Exercise instructions → Repeat, word for word and with nothing added, each line from the one containing "Brand new woman’s" to the final line of the data, keeping both ends. Pictures are not part of the copy.

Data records
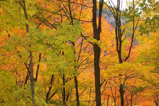 雖然在美國東北部住過九年,當時年紀尚輕,家中娘子成天忙於尿布與奶瓶之間,我則還在住院醫師的訓練中,而後又忙於找事。在這內有家累、外又事業無成之際,每年秋季雖然楓紅遍地,可是也無暇欣賞。近幾年來,我對攝影產生濃厚的興趣,作品中獨缺楓紅。因此幾年前的秋天在加拿大友人安排下,到亞加華峽谷賞楓。
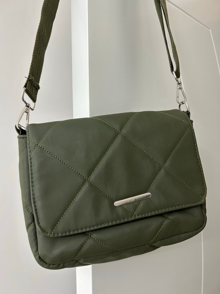Kapitone görünümlü, dikişli ve kemerli detaylı, ayarlanabilir askılı kadın omuz çantasıdır.
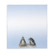 Each page of this delightful notepad features two adorable African Penguins standing on a rocky ledge against a shimmering blue gradient background. They are aquatic, flightless birds whose wings have become flippers. Each has a black stripe and black spots on the chest. The pattern of spots is unique for every penguin, just like human fingerprints. They have pink glands above their eyes and pink and black feet.
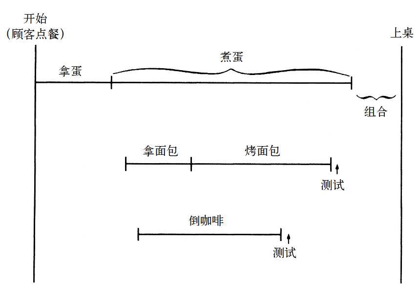 再把事情复杂化一点。万一你在该下水煮蛋时碰巧被卡在等烤面包机的长龙中,你该如何是好?乍看之下似乎没有办法,但其实不然。
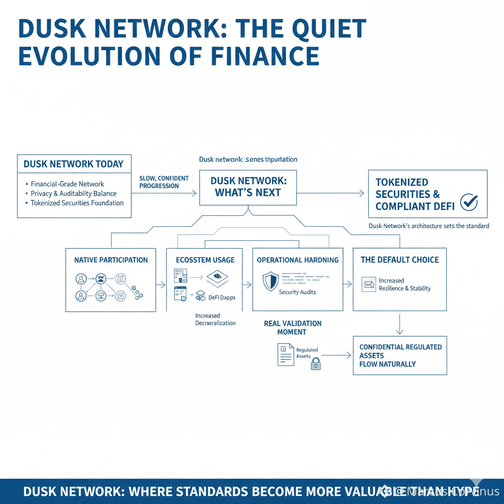 Dusk Network’s “what’s next” is not a flashy slogan, it’s the slow, confident progression of a financial-grade network: more native participation, more ecosystem usage, stronger operational hardening, and the real validation moment where confidential regulated assets don’t just exist on paper, but flow through the system naturally.
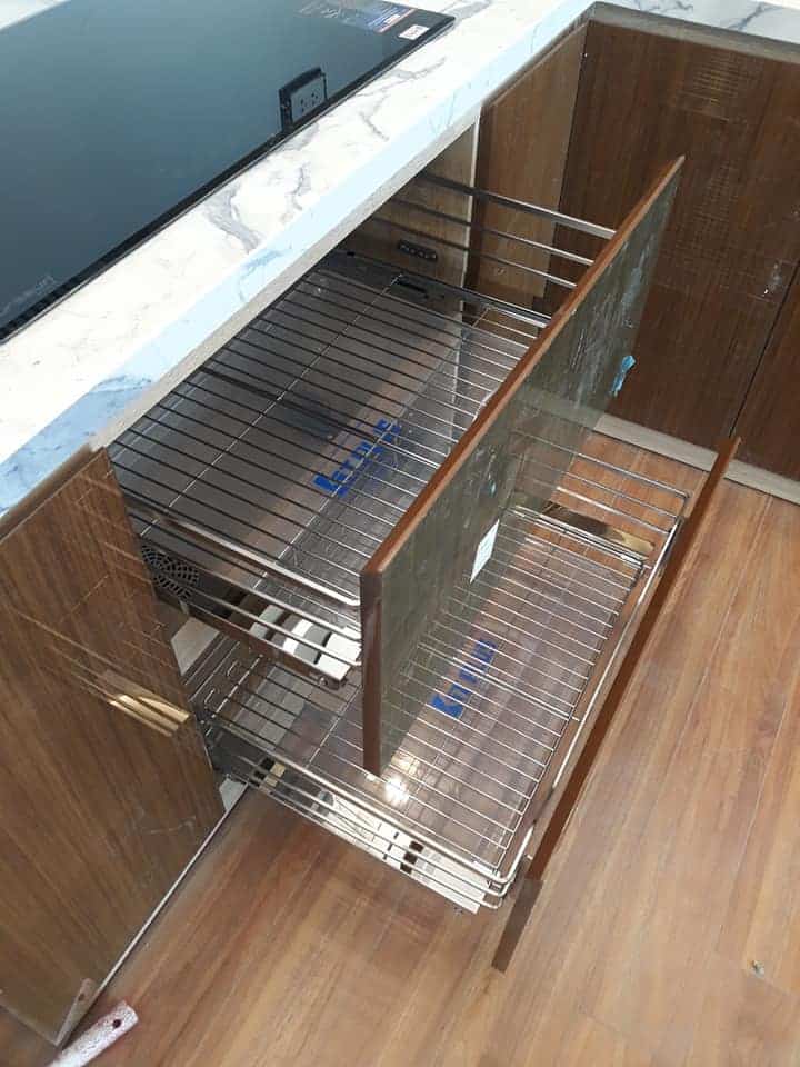 Ngoài ra các kích thước nhỏ hơn cũng phù hợp với các gia đình có không gian bếp nhỏ, việc sắp xếp khoa học cũng rất tiết kiện diện tích cho chúng ta. phía dưới là giá xoong nồi 600mm với sức chứa lên tới 11 chiếc nồi và xửng.
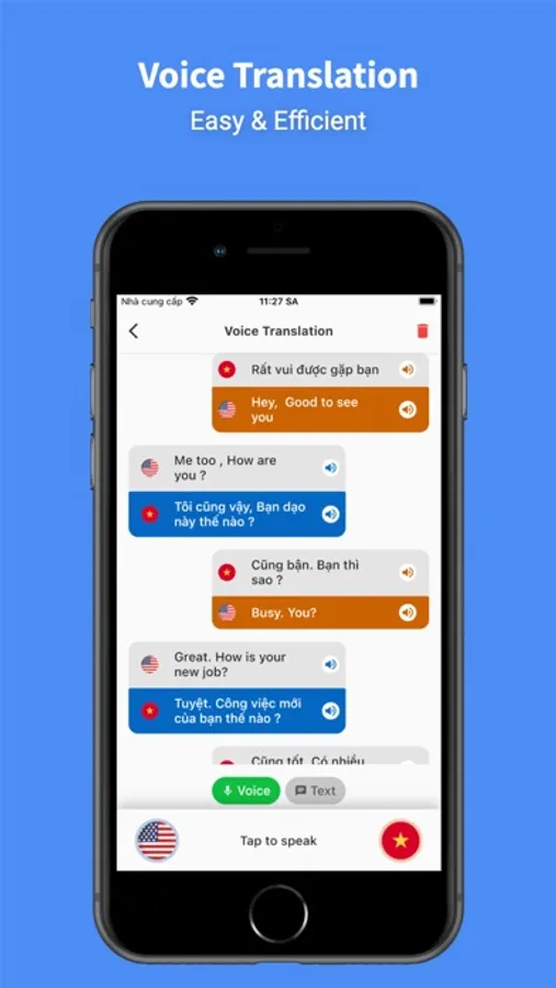 Real-time English or vietnamese text translation for phrases and words, voice to text translation
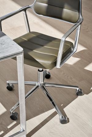Vipp präsentiert eine neue, extra gepolsterte Variante des beliebten Swivel Chair – den Swivel+. Diese höhenverstellbare Version des klassischen Drehstuhls wurde speziell für den Einsatz im Home Office und in Konferenzräumen entwickelt, in denen Menschen über längere Zeiträume bequem sitzen müssen. Der Swivel+ bietet eine größere Rückenlehne und einen besonders komfortablen Sitz, der für maximalen Sitzkomfort sorgt.
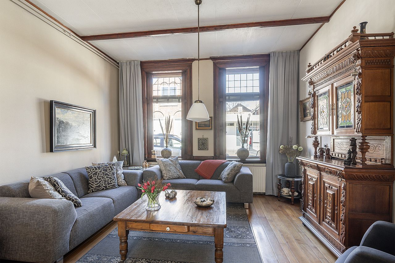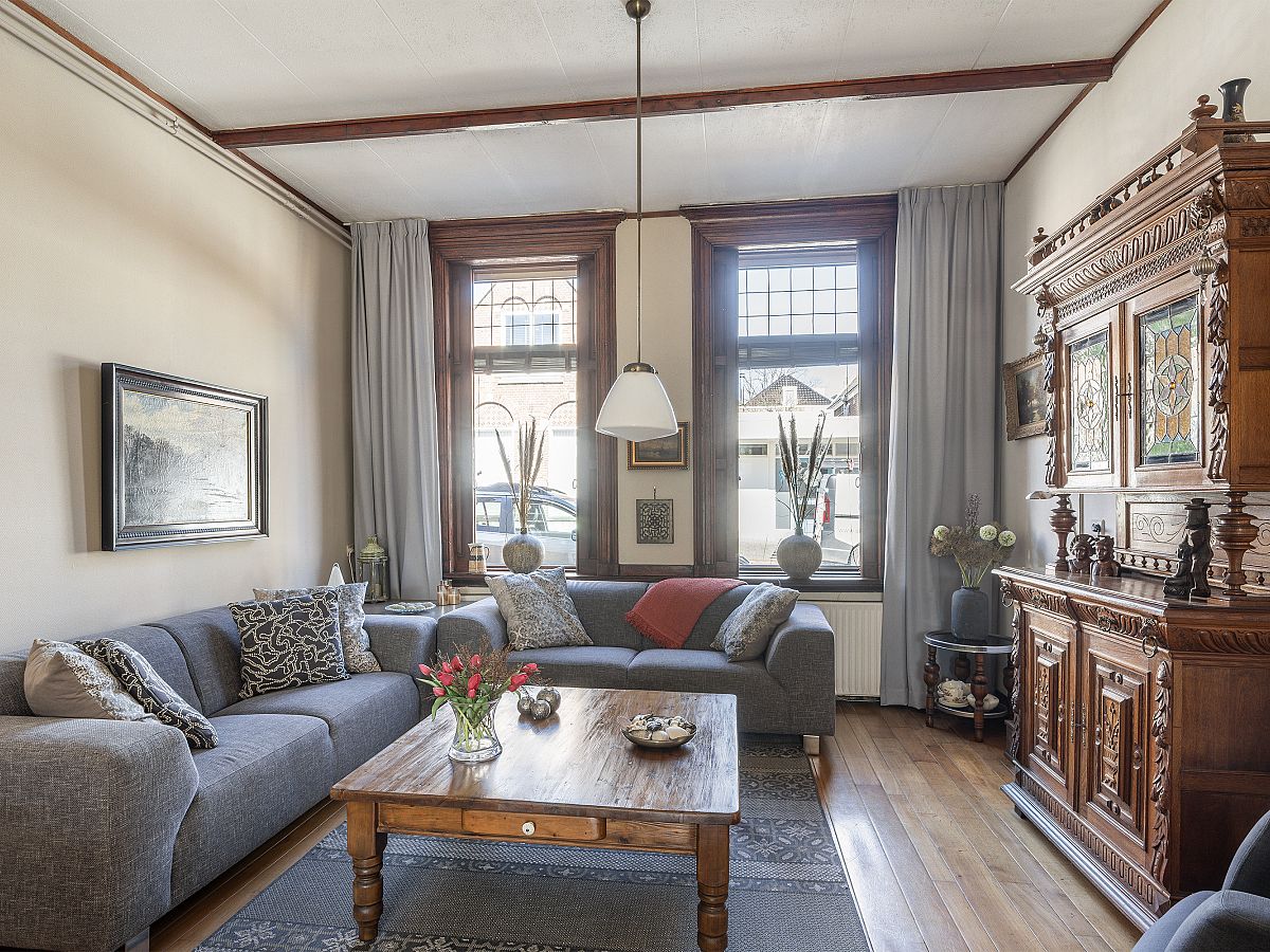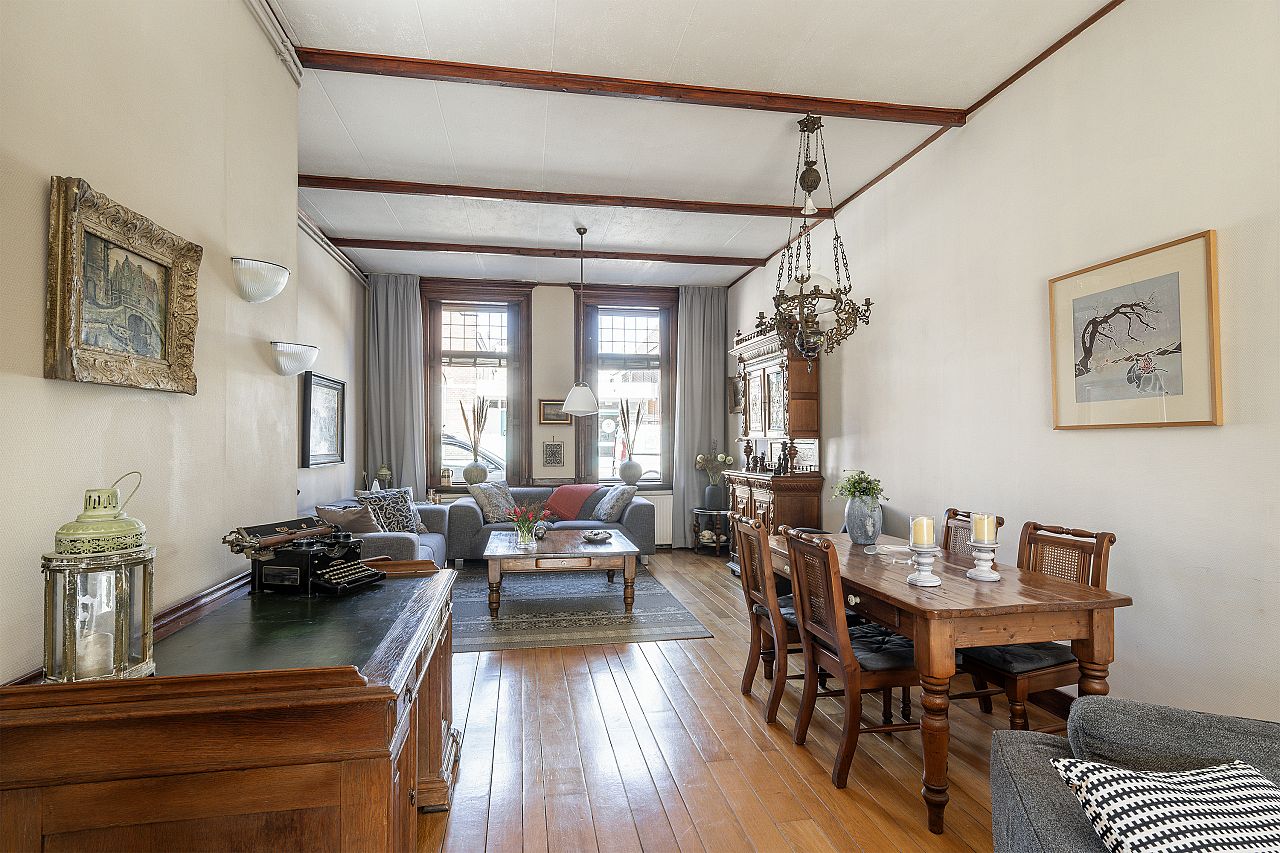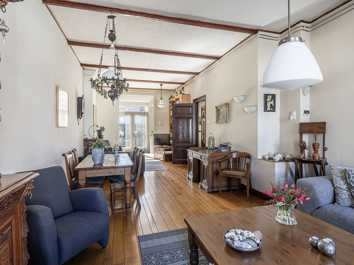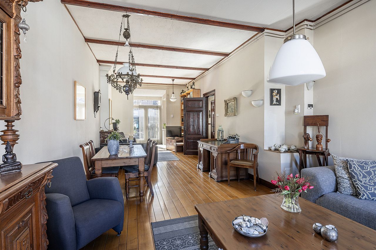 Uit 1898 komt deze sfeervolle hoekwoning. Een zeer ruime woonkamer met een heerlijke openhaard. In de tuin is het goed toeven, gezien de zeer zonnige ligging op het zuiden!
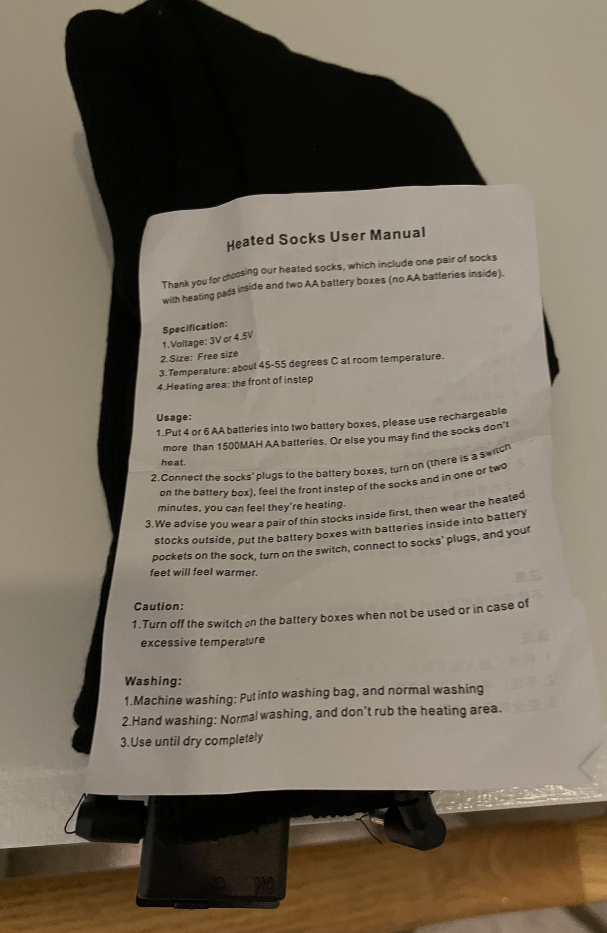 Brand new woman’s heated socks. One size. Never worn
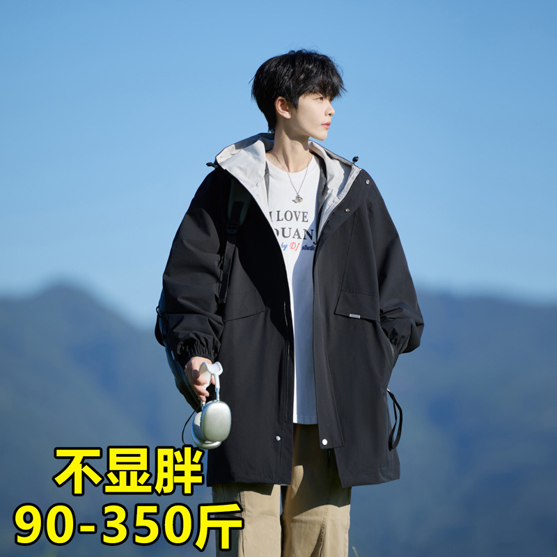 大码秋冬季加肥加大码冲锋外套宽松胖子百搭休闲户外男款加厚外套
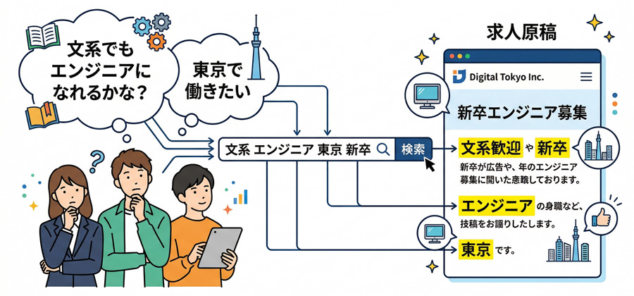 特に中小企業の場合、社名検索は期待できません。「このキーワードを入れたら、うちの求人がヒットするはずだ」という逆算の設計が肝となります。
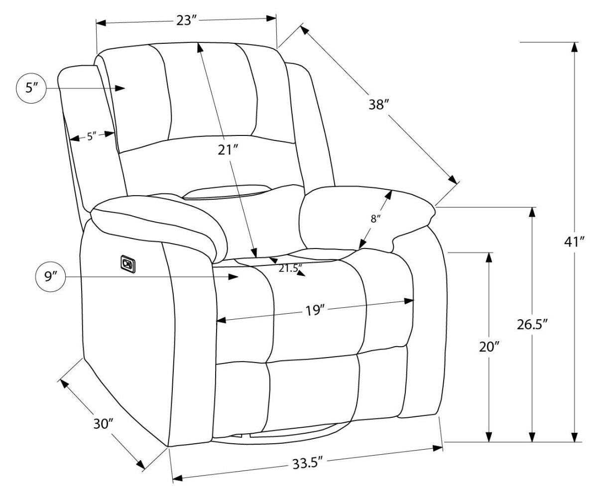 - Fauteuil : Largeur 33″½ x Profondeur 38″ x Hauteur 41″
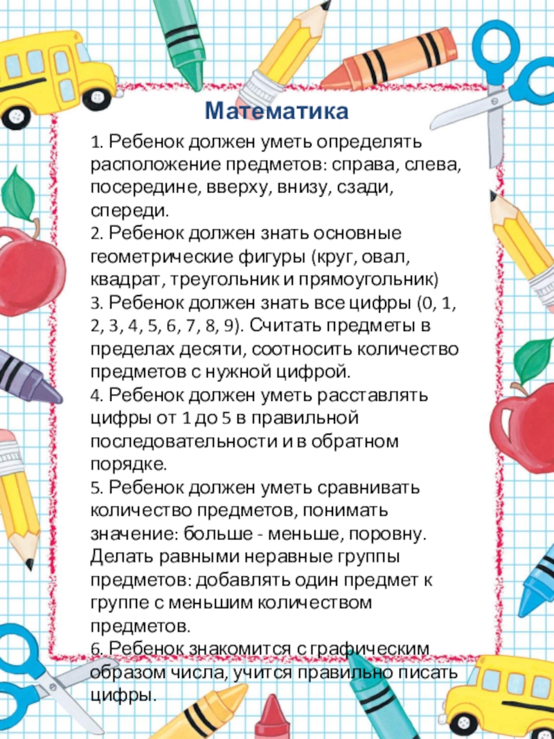 1. Ребенок должен уметь определять расположение предметов: справа, слева, посередине, вверху,

Expected answer →
 Brand new woman’s heated socks. One size. Never worn
 大码秋冬季加肥加大码冲锋外套宽松胖子百搭休闲户外男款加厚外套
 特に中小企業の場合、社名検索は期待できません。「このキーワードを入れたら、うちの求人がヒットするはずだ」という逆算の設計が肝となります。
 - Fauteuil : Largeur 33″½ x Profondeur 38″ x Hauteur 41″
 1. Ребенок должен уметь определять расположение предметов: справа, слева, посередине, вверху,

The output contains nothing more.